Having liberalised the mineral sands sector two decades earlier, the Indian government opted in August 2018 to canalise exports of mineral sands through state-run entity Indian Rare Earths Ltd (IREL).

"The new policy… is a blow to private companies like us," he said. "We have made huge capital investments by way of technology, production facilities and established significant share in global markets."

The tightening of regulation on the Indian mineral sand sector has sharply reduced the availability of ilmenite, rutile and zircon from that country.

Rival miner Kenmare said in January 2019 that Indian ilmatite supply had halved from 2017, when it accounted for around 7% of global market share.

The tightening could also threaten rutile supply, which is currently squeezed.

On February 14 Fastmarkets IM assessed the price of rutileconcentrate min 95% TiO2 bulk CIF China at $1,050-1,100 per tonne, up from $850-950 per tonne a year earlier. 

A ban on private exports of these minerals from India would effectively put a stop to mining of these minerals, reducing their availability on the world stage, Vaikundarajan insisted.

"We should not forget that it was the private sector players, who helped Indian mineral beach industry to achieve the current scales," he said, noting that production has boomed since the entry of private players into the mineral sand sector in 1998.

As a competitor to private firms, IREL has little incentive to encourage exports, Vaikundarajan suggested.

"Private producers like us have spent millions of dollars and more than 20 years in developing foreign clients," said. "But the recent move by the government will nullify our efforts if the export of beach minerals continues to be through IREL."

Tax raids

VV Minerals is fighting legal cases relating to the alleged illegal mining of mineral sands, the alleged illegal export of monazite and a tax raid carried out by the national tax body late last year.

The state of Tamil Nadu, where VV Minerals operates, claims that the company is one several mineral sand companies that conduct illegal mining operations and the export of monazite - allegations that it refutes.

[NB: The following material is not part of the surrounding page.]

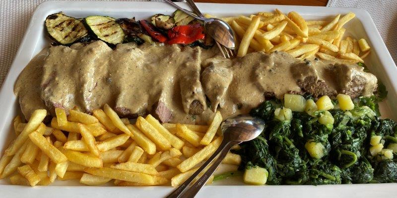 We nemen plaats in het restaurant met een prachtig mooi uitzicht over de baai en bestellen chateau briand voor 4.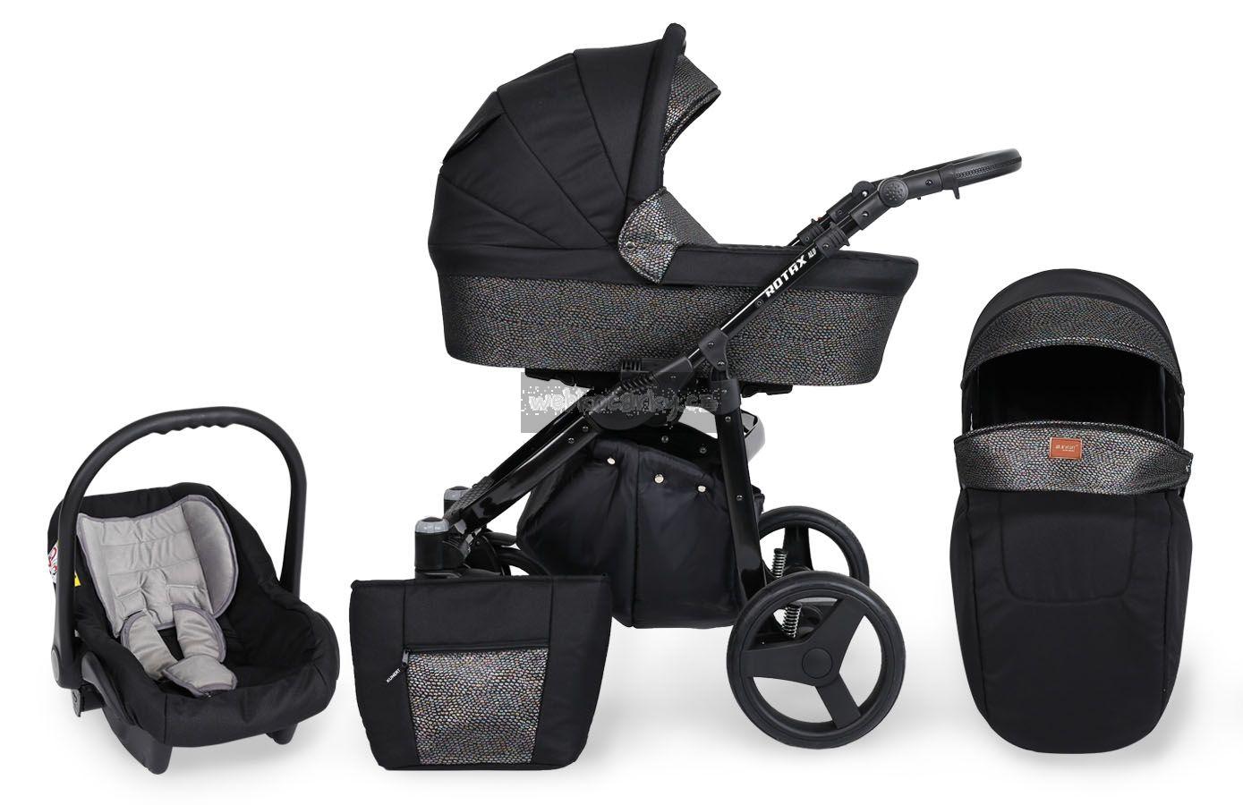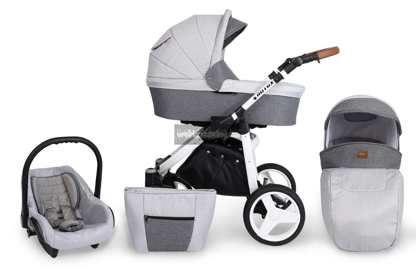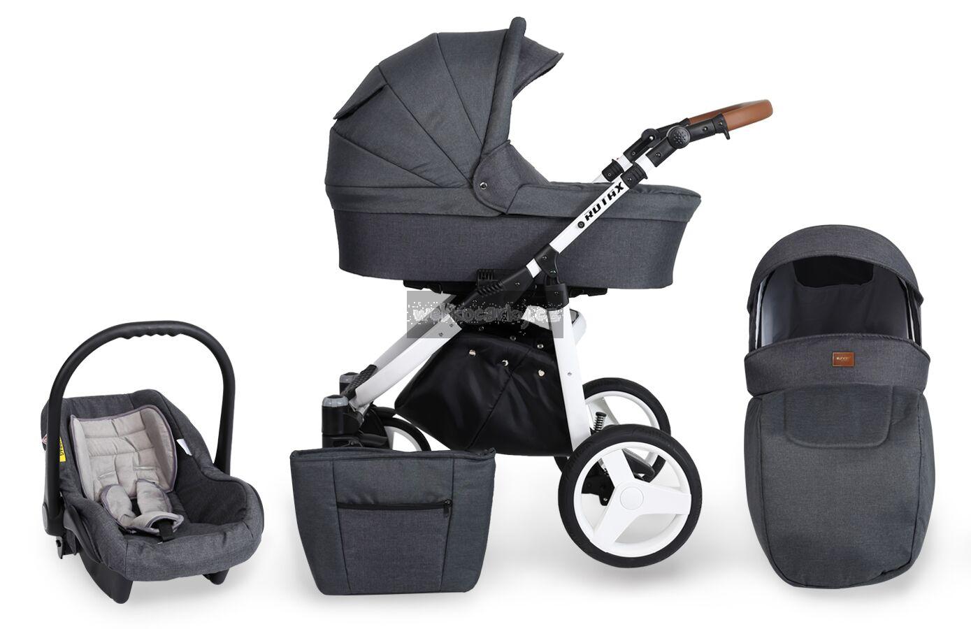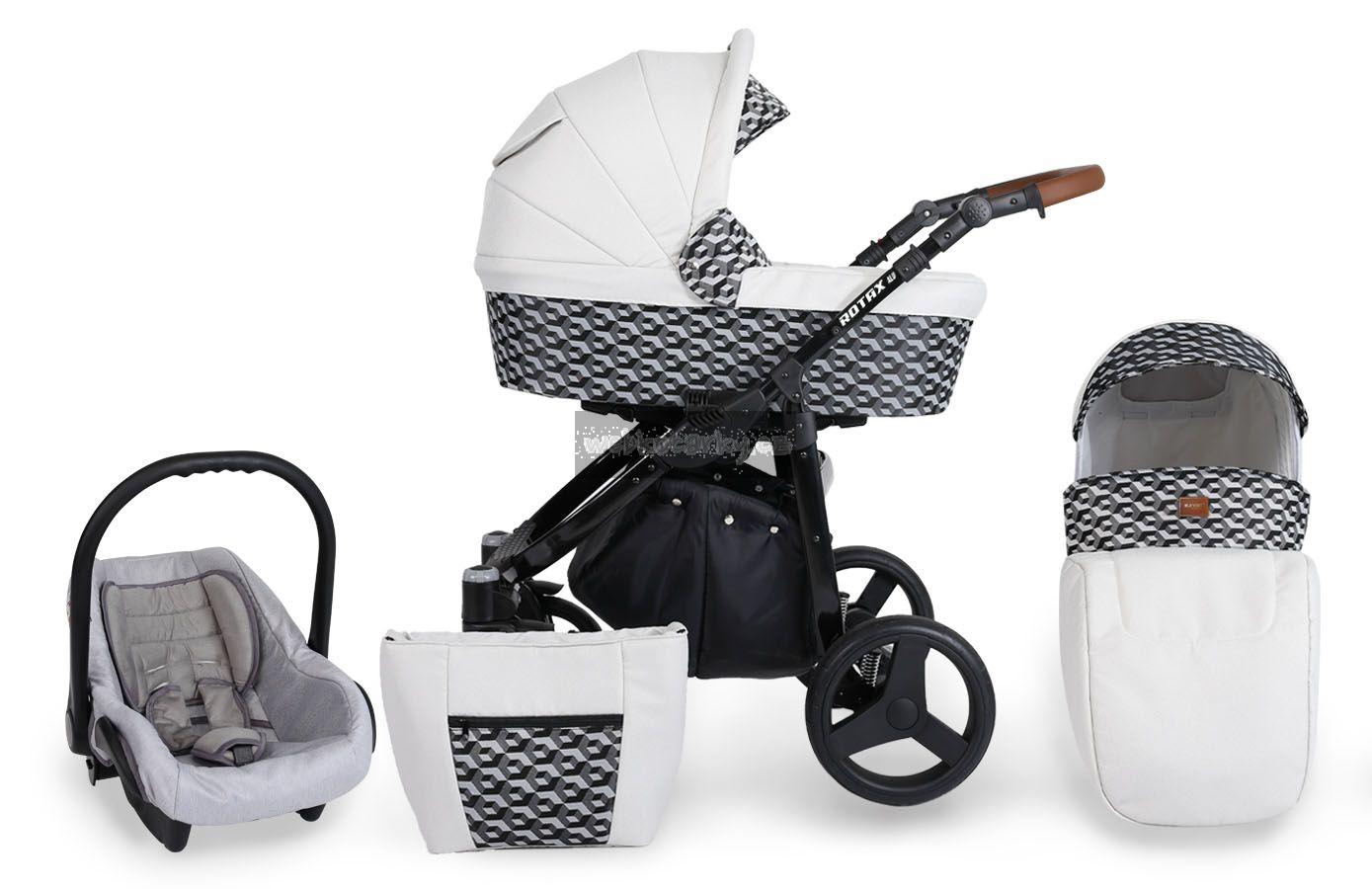 Autosedačka lze pomocí adaptéru připevnit ke kočárku. 3-bodové bezpečnostní pásy, nastavitelné madlo, odnimatelná boudička, nánožník, novorozenecká vložka, adaptéry pro uchycení na kočárek. Autosedačka může být připravena pro Iso-Fix Bázi (uveďte v poznámce u objednávky).

"Income tax raids are an unavoidable matter of life in India and are always conducted in the glare of tipped-off media exposure," Vaikundarajan told Fastmarkets IM late last month.

"It is not only business that is subject to these types of raids but it is also a regular feature of political life and again such raids are conducted in the full glare of the media who always seem to know in advance of the raids," he said. "For the media it is good copy and sells print and air time."

Vaikundarajan disputes local media reports that more than 85 million rupees ($1.2 million) in cash were seized in these raids, along with other assets.

"There were no assets seized except our computers are always taken away, copied and then returned," he said.

In total, he says, the authorities seized 34.8 million rupees, an amount that Vaikundarajan described as "not excessive" given the number of business units associated with VV Minerals as well as the fact that everyday business transactions in India are often conducted in cash.

Vaikundarajan also hit out at a report submitted to the Madras High Court in 2018 on the monazite content of mined but unsold mineral sand. The report used an outdated standard for measuring monazite content, he contended.

While the report "found stocks of tailings containing elevated amounts of monazite as expected in mineral sands operations worldwide, all were stored as required by the Atomic Energy Regulatory Board," Vaikundarajan also noted

Monazite is a controlled material in India due to its thorium content. Thorium is used in India’s nuclear programme.